_Required work_:
Produce an exact copy of all the data below, dropping every image.

_Given information_:
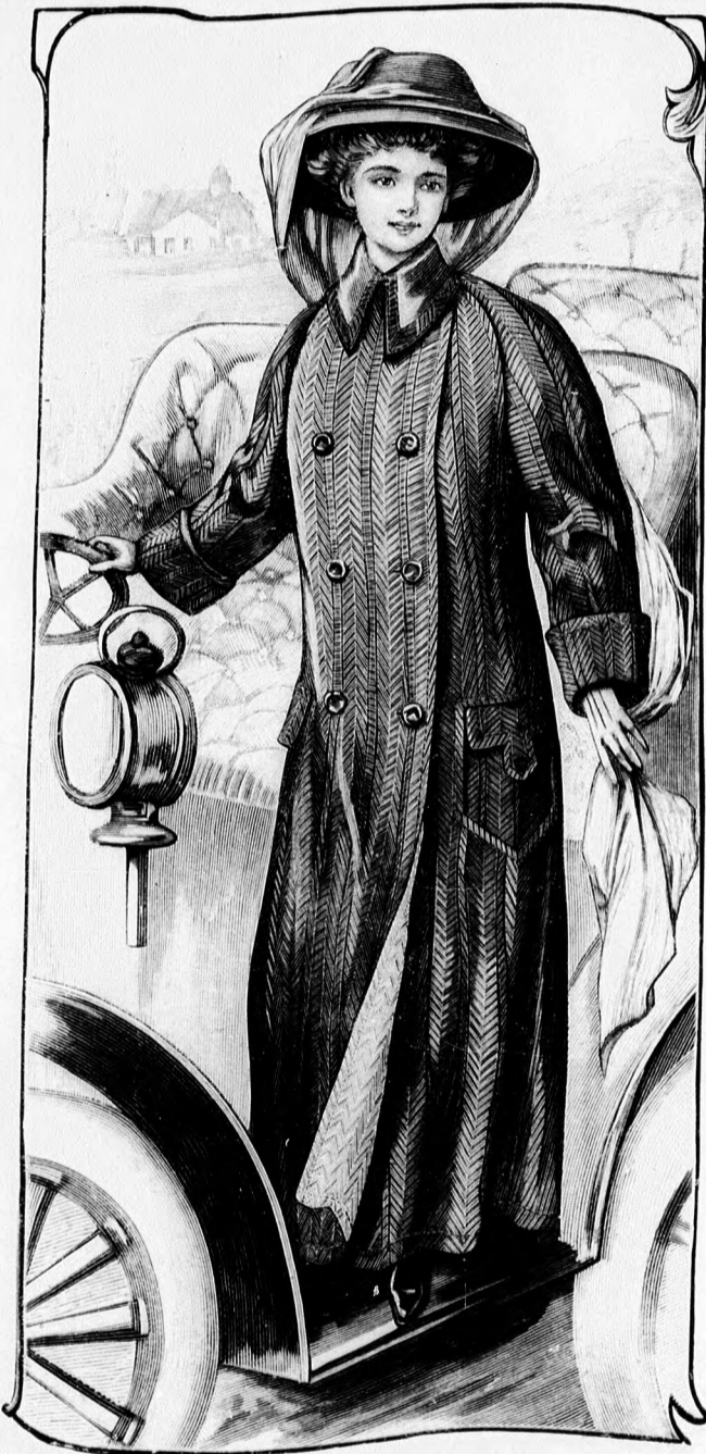
47. sz. Célszerű köpeny raglanujjakkal. Utazásra, sportolásra és automobilo- zashoz. Szab. és hátkép: mintaiv XIV. sz., 88-93a. fig.

légj terjedő első előli részei oldalt pántszerűen a rövidített második előli részre nyúlnak, amelyeket ráncolt leb- benyrésszel toldunk meg. A pántok sujtással vannak kivarrva, szegélye- zettek és látszólag gombokkal vannak felelősitve. A széles egybeszabott hát- résznek az oldalrészekkel egyesítő var- rását lent ráncokba rakjuk. A kabát- nak egysorosán gombolt, egymást szélesen borító előli széleit 15 cm. szé- les vászonnal béleljük, sálgallérszerűen visszahajtuk és fekete ottománselyem- mel borítjuk. A kabátot négyyszögletes fekete bársonygallér díszíti, most diva- tos kis matrógallért utánozva. Az egy- szerű sonkaújjakat a felső karöltőnél az első előli és hátrész alá tűzzük. A sujtás- sal kivarrt pántszerű kézelőket látszó- lag gomboljuk. A kabátot végigselyem- mel béleljük, az alj béleletlen marad.
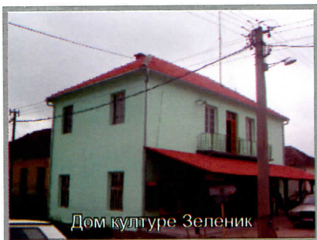
Дом културе Зеленик

_Finished exercise_:
47. sz. Célszerű köpeny raglanujjakkal. Utazásra, sportolásra és automobilo- zashoz. Szab. és hátkép: mintaiv XIV. sz., 88-93a. fig.

légj terjedő első előli részei oldalt pántszerűen a rövidített második előli részre nyúlnak, amelyeket ráncolt leb- benyrésszel toldunk meg. A pántok sujtással vannak kivarrva, szegélye- zettek és látszólag gombokkal vannak felelősitve. A széles egybeszabott hát- résznek az oldalrészekkel egyesítő var- rását lent ráncokba rakjuk. A kabát- nak egysorosán gombolt, egymást szélesen borító előli széleit 15 cm. szé- les vászonnal béleljük, sálgallérszerűen visszahajtuk és fekete ottománselyem- mel borítjuk. A kabátot négyyszögletes fekete bársonygallér díszíti, most diva- tos kis matrógallért utánozva. Az egy- szerű sonkaújjakat a felső karöltőnél az első előli és hátrész alá tűzzük. A sujtás- sal kivarrt pántszerű kézelőket látszó- lag gomboljuk. A kabátot végigselyem- mel béleljük, az alj béleletlen marad.
Дом културе Зеленик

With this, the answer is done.